Geschichten:Brandspuren - Nur Geduld
Feidewald, 18. Boron 1043 BF
Die Nacht wird kalt werden. Ich stehe auf, um noch mehr Holz für das Feuer in meiner winzigen Hütte neben dem Meilerplatz herbeizuholen, um meine Gedanken zu ordnen, um meinen Plan zu schmieden. Weit brauche ich nicht zu gehen. Die ersten Klafter von neuen schrittlangen Scheite lagern, kürzlich von den Holzhackern gespalten, bereits unter den offenen Schindeldächern und warten auf den nächsten Sommer, wenn das Brennen wieder beginnt.
Mein alter Meister hatte gesagt, nur Geduld, Ästchen, irgendwann kommt der Moment der Vergeltung. Und dann hat sich Meister Ardo selbst einmal nicht an die eigene Lehre gehalten und zu einer überstürzten Handlung hinreißen lassen. Mit seinem Leben bezahlt hat er dafür, zusammen mit seinen hochherrschaftlichen Freunden. Das soll mir eine Warnung sein!
Die Gesellen hingegen, die jedes Jahr im Frühling hierher hinauf in die Bergwälder kommen und denen ich seither zur Hand gehe, waren eine bessere Schule in Geduld: erst die Meiler aufschichten, das getrocknete Holz entzünden und dann tage- und wochenlang, den aus dem großen zuerst mit Reisig und Erde abgedeckten Holzhaufen hervorquellenden Rauch beobachten, ohne je ein Auge zu schließen, und die Luftlöcher je nach Bedarf öffnen oder schließen, bis schließlich nur noch die begehrte Holzkohle oder Pech und Teer übrig bleiben.

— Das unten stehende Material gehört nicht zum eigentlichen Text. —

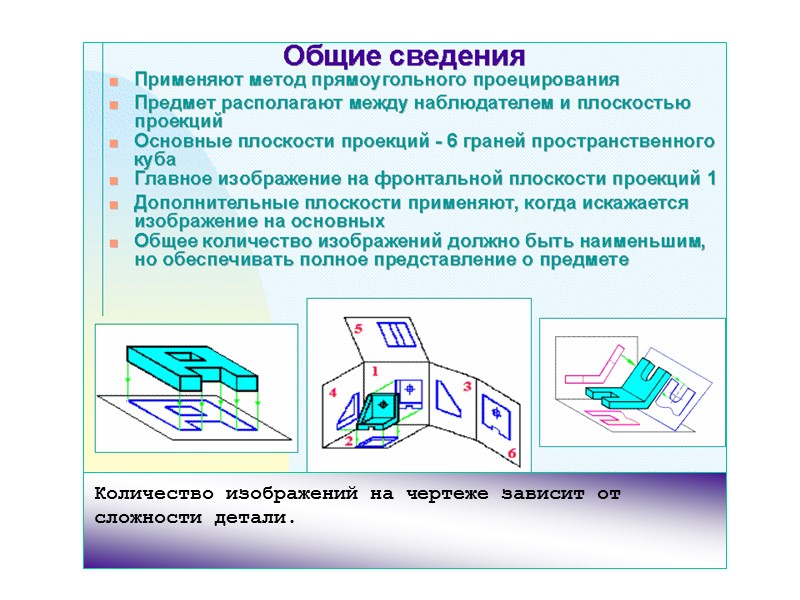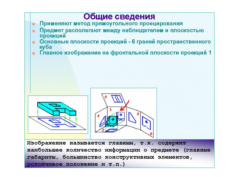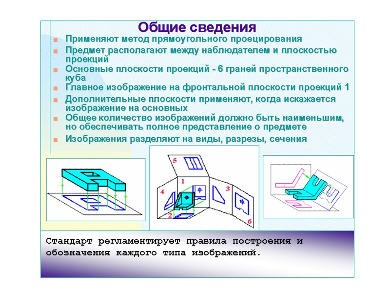 4 – вид справа 5 – вид снизу 6 – вид сзади Стандарт устанавливает следующие названия видов, получаемых на основных плоскостях проекций: 1 – вид спереди (главный вид) 2 – вид сверху 3 – вид слева ОСНОВНЫЕ ВИДЫ.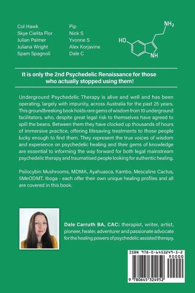 It is only the 2nd Psychedelic Renaissance for those who actually stopped using them! Underground Psychedelic Therapy is alive and well and has been operating, largely with impunity, across Australia for the past 25 years. This book holds gems of wisdom from 10 underground facilitators who, despite great legal risk to themselves have agreed to spill the beans. Between them they have clocked up thousands of hours of immersive practice, offering lifesaving treatments to those people lucky enough to find them. They represent the true voices of wisdom and experience on psychedelic healing and their gems of knowledge seem essential to informing the way forward for both legal mainstream psychedelic therapy and traumatised people looking for authentic healing. Psilocybin Mushrooms, MDMA, Ayahuasca, Kambo, Mescaline Cactus, 5-MeODMT, Iboga - each offer their own unique healing profiles and all are covered in this book.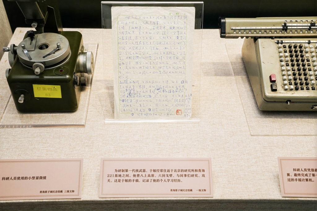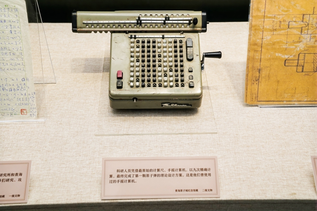 展览聚焦青海省海北州金银滩,遴选69件/套文物,包括于敏的手稿、邓稼先的履历表、第一颗原子弹爆炸时使用的程序时间指示器、手摇计算机等数件国家一、二级文物,以及反映中国核工业发展史、国营二二一厂厂史的珍贵历史文献资料。

Ich nehme den Arm voll Holz und stolpere in meinen klappernden Pantinen durch die Dunkelheit an den untergestellten Pferden und dem die Tiere bewachenden Mädel vorbei zurück zu meiner Hütte. Richtig gruselig ist die mit ihren schlohweißen Haaren, ich hab's genau gesehen, obwohl sie die unter ihrer Kapuze versteckt. Aber nur nicht hinschauen - vielleicht hat die auch den bösen Blick - und schnell wieder durch die knarrende Tür ins Warme.

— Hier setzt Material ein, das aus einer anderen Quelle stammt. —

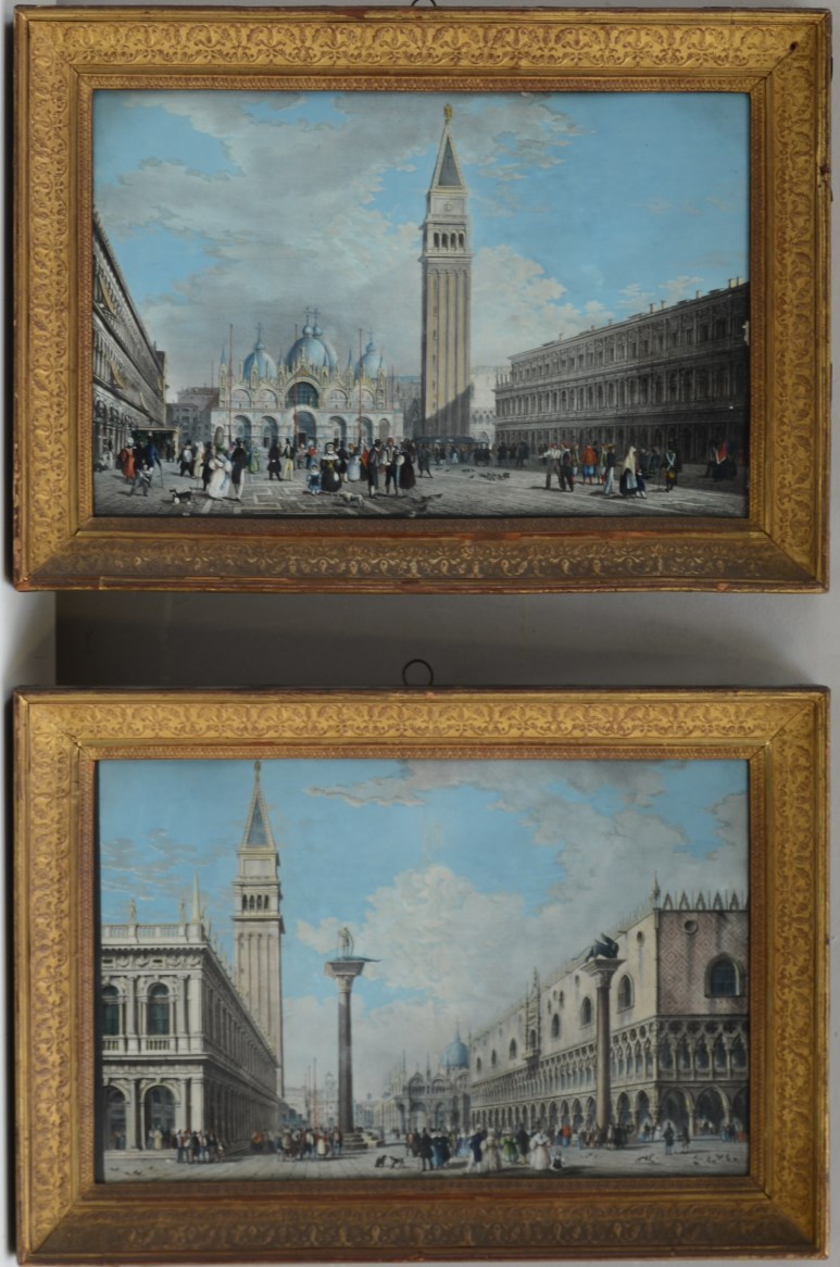 Coppia di incisioni acquerellate del sec. XIX raffiguranti piazza San Marco (cm 26x40) (difetti)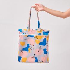 フィンランドをイメージした柄にムーミンたちがプリントされたバッグです。アウトドアサウナでも活躍してくれます。コスメやソープを入れられるポーチがセットになっており、別々でも普段使いしやすいデザインです。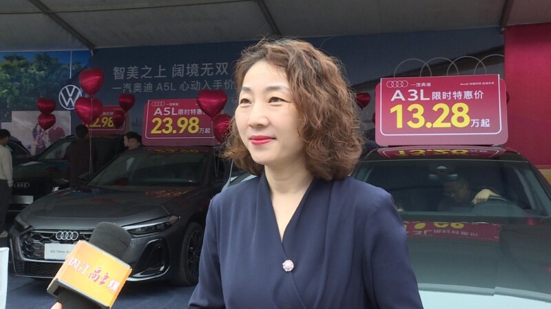 内江蓝池胜龙奥迪总经理李彦告诉记者:“今天胜龙奥迪给大家带来了全新的产品来到我们参展的现场,A5是我们今年全新上市的一款车型,这款车的话239800元起,并且它现在预定还有一个权益的礼包。希望把这样的福利带给我们内江的父老乡亲,大家能在车展现场选到心仪的车型。”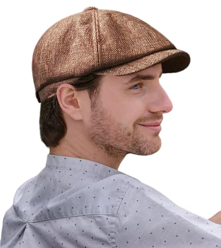 The Traditional, Classic & Vintage Style 8 Panel Herringbone Tweed mens Irish hats are lightweight and feature a button top accent for a chic decoration. Perfect for adding a touch of traditional charm to any outfit.

Der, der nun dort drinnen brandweinsaufend am Feuer sitzt, stolz und rücksichtslos inmitten seiner waffenstarrenden Gefolgsleute, hat damals das Schwert gegen meinen Meister geführt. Jetzt werde ich ihn seinem Schicksal zuführen und so eine doppelte Vergeltung üben, nach der mich so verlangt. Er ahnt nichts, der edle Herr. Er denkt, er hätte einen einfachen Köhlerburschen vor sich, dessen ach so traviagefällige Gastfreundschaft er ausnutzen kann. Und der darüber hinaus die Reiter gesehen hat, die er sucht, und den Weg, den sie nahmen. Oh, ich kenne die Reiter und ihre Wege nur zu gut. Blut ist schließlich dicker als Wasser. Es wäre mir ein leichtes, ihn auf eine falsche Fährte zu locken, so viel geht in diesen Tagen in Feyderichs Wald um. Doch nein! Geradewegs zu ihnen werde ich ihn schicken. Wenn ich es richtig anstelle, wird er damit das Urteil über sich selbst sprechen und zugleich das Werkzeug meiner Vergeltung sein. Einst haben sie mich verstoßen und in der Wildnis zum Sterben zurück gelassen. Nicht besser soll es ihnen nun selbst ergehen! Nur noch ein wenig Geduld.